Pontifications on Poison
Being some ramblings on events associated with poisonous plants.
Saturday 25th June 2011
Earlier this week, when writing about alcohol and older people, I pointed out that the media would have you believe that the Royal College of Psychiatrists’ report on the subject was the first to suggest that lower limits of alcohol consumption were indicated for people over 65. It was an indication of a frequently seen phenomenon where work is published but goes unnoticed outside the immediate field of interest and only later does it come to the attention of the mainstream media and achieve wide circulation.
I believe the same thing will happen, again, but this time it is the active ingredient in plants of the Aristolochia genus, aristolochic acid, that will, at some point in the future, hit the headlines.
At the annual meeting of the American Society of Clinical Oncology (ASCO) held in Chicago from 3rd to 7th June, Professor Arthur Grollman gave what is known as a poster presentation of the latest work he and his colleagues have completed on the potential effects of aristolochic acid. It was Professor Grollman who demonstrated that the presence of Aristolochia clematitis in wheat fields in the Balkans was the cause of the condition then known as Balkan endemic nephropathy (BEN), a chronic renal disease associated with complete kidney failure and cancer of the upper urinary tract.
After wrongly formulated Traditional Chinese Medicine (TCM) was found to be responsible for an outbreak of end stage renal disease and urothelial cancer in women in Belgium who had been given preparations to assist weight loss, Professor Grollman began to look at the possibility of widespread poisoning in Taiwan. The Belgian incident resulted from confusion between Aristolochia fangchi and Stephania tetrandra. In Chinese, Aristolochia fangchi is known as ‘Guang Fang ji’ and Stephania tetrandra is ‘Han Fang ji’ and the two have some limited physical similarities. The question was whether use of the wrong herb was an isolated incident or whether the two plants were used interchangeably in TCM.
In earlier work, Professor Grollman had established that poisoning by aristolochic acid results in DNA changes that can be seen years after the poisoning incident and are present even if only small amounts of the poison have been ingested.
In the latest work, samples of tissue removed from 48 patients during cancer surgery were tested and the DNA changes associated with aristolochic acid were found in nearly one third.
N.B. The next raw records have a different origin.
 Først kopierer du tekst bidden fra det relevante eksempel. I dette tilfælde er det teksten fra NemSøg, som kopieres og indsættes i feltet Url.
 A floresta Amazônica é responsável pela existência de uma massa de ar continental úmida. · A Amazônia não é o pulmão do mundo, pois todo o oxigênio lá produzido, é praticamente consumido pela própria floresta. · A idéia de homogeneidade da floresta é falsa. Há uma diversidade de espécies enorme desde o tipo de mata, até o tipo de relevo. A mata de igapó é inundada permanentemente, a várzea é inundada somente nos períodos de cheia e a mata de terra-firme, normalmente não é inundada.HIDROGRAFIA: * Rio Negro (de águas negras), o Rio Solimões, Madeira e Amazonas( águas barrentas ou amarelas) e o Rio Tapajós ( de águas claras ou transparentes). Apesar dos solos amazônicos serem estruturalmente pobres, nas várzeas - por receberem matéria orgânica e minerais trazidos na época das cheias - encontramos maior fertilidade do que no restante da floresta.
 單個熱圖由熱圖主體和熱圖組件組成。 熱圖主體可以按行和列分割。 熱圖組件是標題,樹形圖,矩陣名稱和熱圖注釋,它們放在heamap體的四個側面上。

The conclusion given to the meeting is that aristolochic acid poisoning, ‘a silent, yet widespread iatrogenic disease, is an international public health problem of significant magnitude’. Because of the widespread use of CTM, it is believed that one third of the population of Taiwan may be at risk of renal disease.
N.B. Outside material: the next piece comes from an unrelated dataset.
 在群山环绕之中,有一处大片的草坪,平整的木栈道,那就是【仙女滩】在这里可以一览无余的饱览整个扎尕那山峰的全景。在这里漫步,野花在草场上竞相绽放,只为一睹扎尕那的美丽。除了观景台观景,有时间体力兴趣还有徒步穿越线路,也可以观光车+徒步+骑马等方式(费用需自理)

The effects of aristolochic acid are cumulative and can take many years to result in disease if the dosage is low, so it is likely that lower life expectancy has prevented this problem coming to the fore. Certainly, in the Balkans, aristolochic acid nephropathy (AAN), the name now given to BEN, only became known since the 1950s.
Because the debate about TCM versus ‘Western’ medicine rapidly becomes political there does not seem to have been any investigation of the possible extent of aristolochic acid in the People’s Republic of China but, if similar products to those found in Taiwan are in use on the mainland, then many millions of people may be at risk of death from kidney failure of urinary tract cancer in the next few decades.
You would think the possibility of millions of people dying early would get a fair bit of attention from the media and, in time, I suspect it will. For now, however, the poster presentation title, "Aristolochic acid nephropathy in Taiwan" produces only 17 results in Google.